Alla crescita dei volumi, però, non sempre corrisponde una maggiore consapevolezza. In particolare, molti utenti faticano ancora a distinguere un sito affidabile da uno potenzialmente rischioso, soprattutto quando l’esperienza d’acquisto è veloce, mobile e guidata dai contenuti sui social network. Negli ultimi mesi, infatti, l’esplosione del social commerce ha ulteriormente abbassato la soglia di attenzione: con l’arrivo di TikTok Shop anche in Italia, i social non sono più solo canali di scoperta, ma sempre più veri e propri luoghi di acquisto diretto, dove il confine tra intrattenimento, pubblicità e vendita è sempre più sottile. In questo contesto, la sicurezza online non riguarda soltanto la protezione dei dati personali, ma il rischio di incappare in vere e proprie truffe.

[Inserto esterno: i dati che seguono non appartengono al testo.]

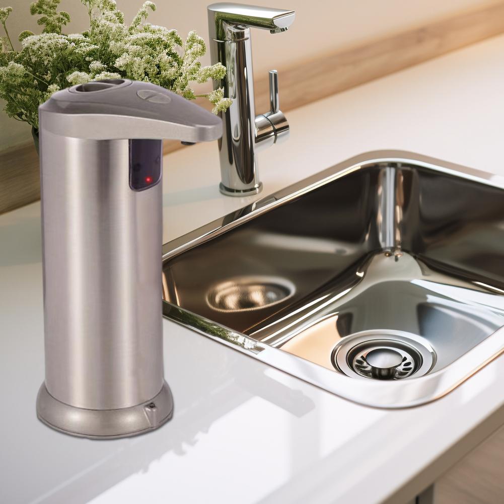 เครื่องจ่ายสบู่แบบไร้สัมผัส เครื่องจ่ายสบู่อัตโนมัติ เครื่องจ่ายสบู่เหล็กสแตนเลสแบบสัมผัส ปรับระดับเสียงได้ 3 โหมดฟรี
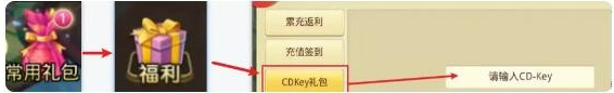 兑换方法:点击左上角的【常用礼包】按钮,然后按照下图方式操作即可兑换。支持复制粘贴,主要不要有粘贴到空格,不然会提示【输入激活码礼包格式有误】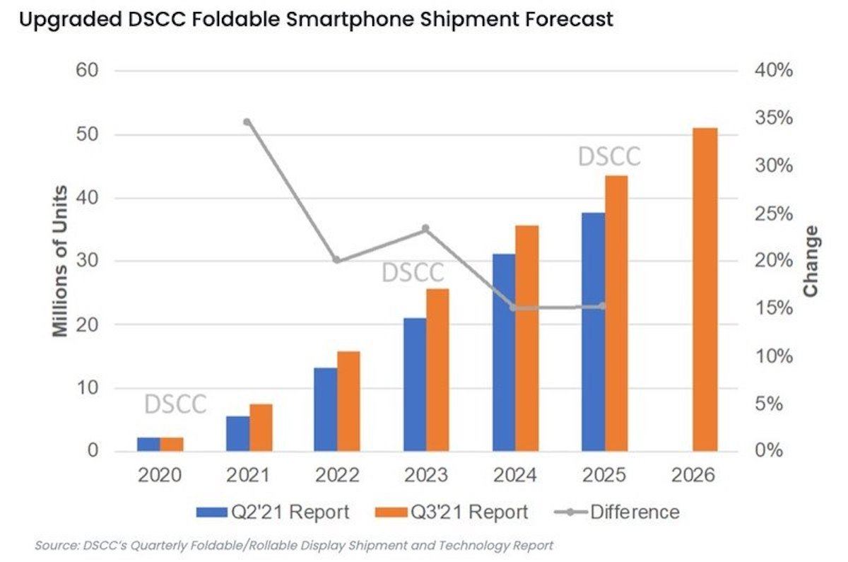 براساس گزارش DCSS، آینده برای گوشیهای تاشو بسیار روشن است. طبق پیشبینی این شرکت، فروش گوشیهای تاشو در سال ۲۰۲۲ دو برابر میشود و تا سال ۲۰۲۶ به ۵۰ میلیون دستگاه میرسد.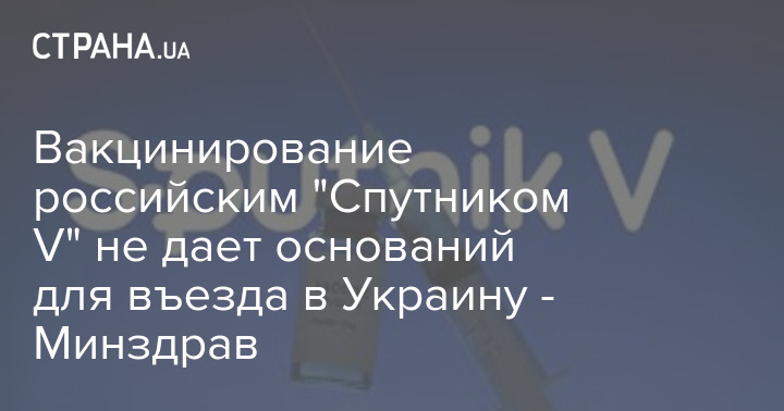 Вакцинирование российским "Спутником V" не дает оснований для въезда в Украину - Минздрав
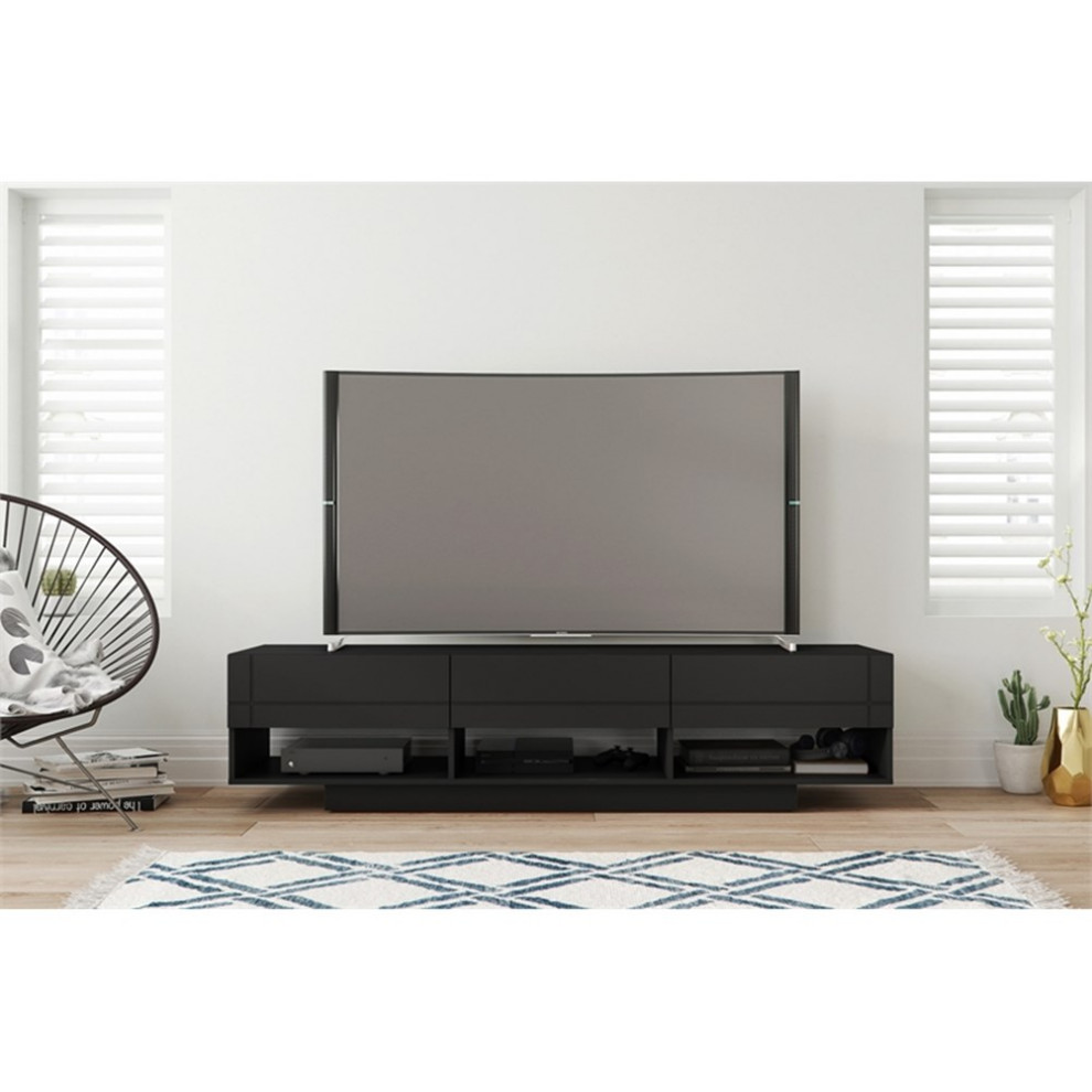 Collection from Atlin Designs is a trendy and easy to live entertainment collection offered in a black melamine and matte lacquer finish. 72-inch TV stand features 3 storage drawers and 3 open spaces for your electronic components; these 3 bottom cubbies are also opened at the back to facilitate wire access and optimize air flow.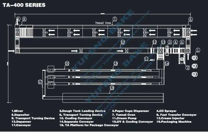 Our TA series is to offer turnkey solution for producing cakes, such as bear cakes, cupcakes, Madeleine, custard cakes, ring cake with minimal manual input, optimum throughput and maximum output.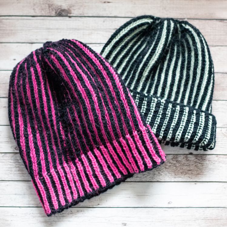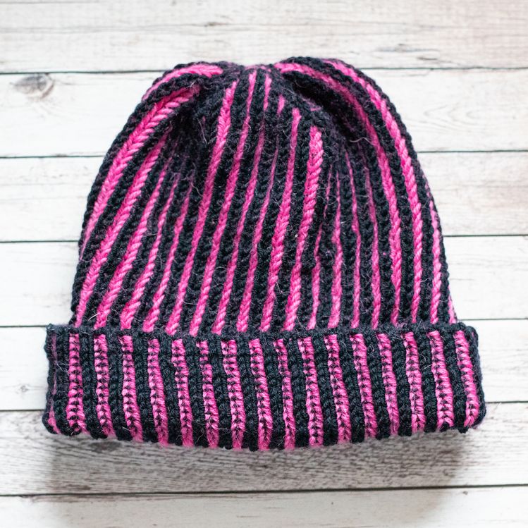Bei der Anleitung handelt es sich um eine Mütze die im zweifarbigen Patent gestrickt wird. Gleichwohl kann die Mütze natürlich auch einfarbig gestrickt werden.

Notoria traccia una guida per riconoscere i siti affidabili da quelli potenzialmente dannosi, dando qualche consiglio pratico e alla portata di tutti: “La sicurezza non è un requisito puramente tecnico, ma il pilastro su cui si dovrebbe basare il rapporto tra i consumatori e le aziende che vendono online. Un utente che non si sente sicuro non acquista, anche se sempre più spesso è difficile distinguere un e-commerce valido da uno che fa solo finta di esserlo”, spiega Alessandro Ronga, founder di Notoria.

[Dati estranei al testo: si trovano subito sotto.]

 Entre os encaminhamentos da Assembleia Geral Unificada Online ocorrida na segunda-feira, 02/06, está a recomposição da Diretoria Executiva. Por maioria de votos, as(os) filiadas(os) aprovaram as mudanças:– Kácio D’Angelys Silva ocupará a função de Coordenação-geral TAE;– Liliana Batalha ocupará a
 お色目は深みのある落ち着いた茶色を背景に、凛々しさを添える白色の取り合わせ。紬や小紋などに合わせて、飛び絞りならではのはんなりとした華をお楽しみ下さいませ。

Come riconoscere un e-commerce sicuro

Prima di inserire i dati della carta e procedere all’acquisto, è utile verificare questi segnali chiave sul sito”, prosegue Ronga:

  • Identità legale chiara: un sito serio espone sempre nel footer (la parte bassa della pagina) la Partita IVA, la ragione sociale e l’indirizzo della sede fisica. Se mancano questi dati, diffida. Se mancano queste informazioni, è bene diffidare.
  • Connessione sicura (HTTPS): l’indirizzo deve iniziare con https://; questo indica la presenza di un certificato SSL, che protegge la navigazione e garantisce che i dati personali vengano criptati, impedendo accessi non autorizzati da parte di terzi.
  • Metodi di pagamento tracciabili: la presenza di circuiti come PayPal, Stripe o delle carte di credito principali è un segnale di garanzia. PayPal, in particolare, offre una protezione acquisti che tutela l’utente in caso di mancata consegna.
  • Recensioni verificabili: è importante cercare feedback su piattaforme esterne e indipendenti. La trasparenza nel gestire anche i feedback negativi è sinonimo di serietà.
  • Politiche di reso e spedizione chiare: un venditore onesto spiega chiaramente come restituire un prodotto e quali sono i costi e i tempi di consegna. Se queste informazioni sono vaghe, il rischio è alto.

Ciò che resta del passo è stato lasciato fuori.